Live album by The Allman Brothers Band
- Released: January 12, 2024
- Recorded: April 7, 1972
- Venue: Manley Field House
- Genre: Blues rock, Southern rock
- Length: 94:54
- Label: Allman Brothers Band Recording Company
- Producer: Allman Brothers Band

The Allman Brothers Band chronology
| Syria Mosque (2022) | Manley Field House, Syracuse University, April 7, 1972 (2024) | Final Concert 10-28-14 (2024) |

= Manley Field House, Syracuse University, April 7, 1972 =

Live album by the Allman Brothers Band

Manley Field House, Syracuse University, April 7, 1972 is a two-CD live album by the rock group the Allman Brothers Band. As the name suggests, it was recorded at Manley Field House in Syracuse, New York on April 7, 1972. It was released on January 12, 2024.
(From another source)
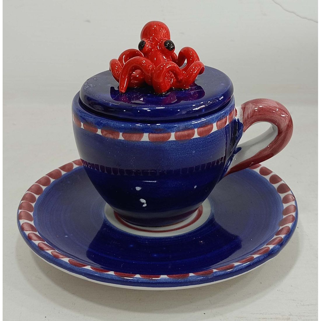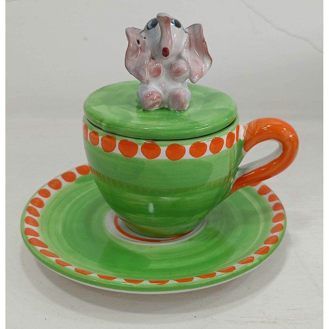 Coffee cup with saucer and lid. Little Animals Line. Vietri ceramic. Hand-painted.

The Syracuse concert was recorded several months after the death of guitarist Duane Allman. It features the other five original members of the Allman Brothers Band – Gregg Allman on keyboards and vocals, Dickey Betts on guitar, Berry Oakley on bass, and Jai Johanny Johanson and Butch Trucks on drums. Another live album with the same lineup is Macon City Auditorium: 2/11/72.

== Critical reception ==
In Grateful Web, Gabriel David Barkin wrote, "The Allman Brothers have had a plethora of amazing guitar players in their lineup, mostly two at a time (the latter-day version with Warren Haynes and Derek Trucks was notably delicious), but the Betts-only years had their own magic steeped in the blues maestro’s own blend of Southern comfort.... The way the mics captured Oakley may be the best thing about this recording. His Fender Jazz "Tractor" bass is prominent on every cut."

In Under the Radar, Frank Valish said, "What's striking about this concert is first and foremost the absence of Duane. Betts does a fine job of filling Duane’s shoes, but there is a certain guitar energy found in early ABB performances that is still missing here. But the other thing that stands out... is Oakley. His bass, which is high in the mix, becomes just as much of a star as the band's guitar, keyboards, or vocals on this night."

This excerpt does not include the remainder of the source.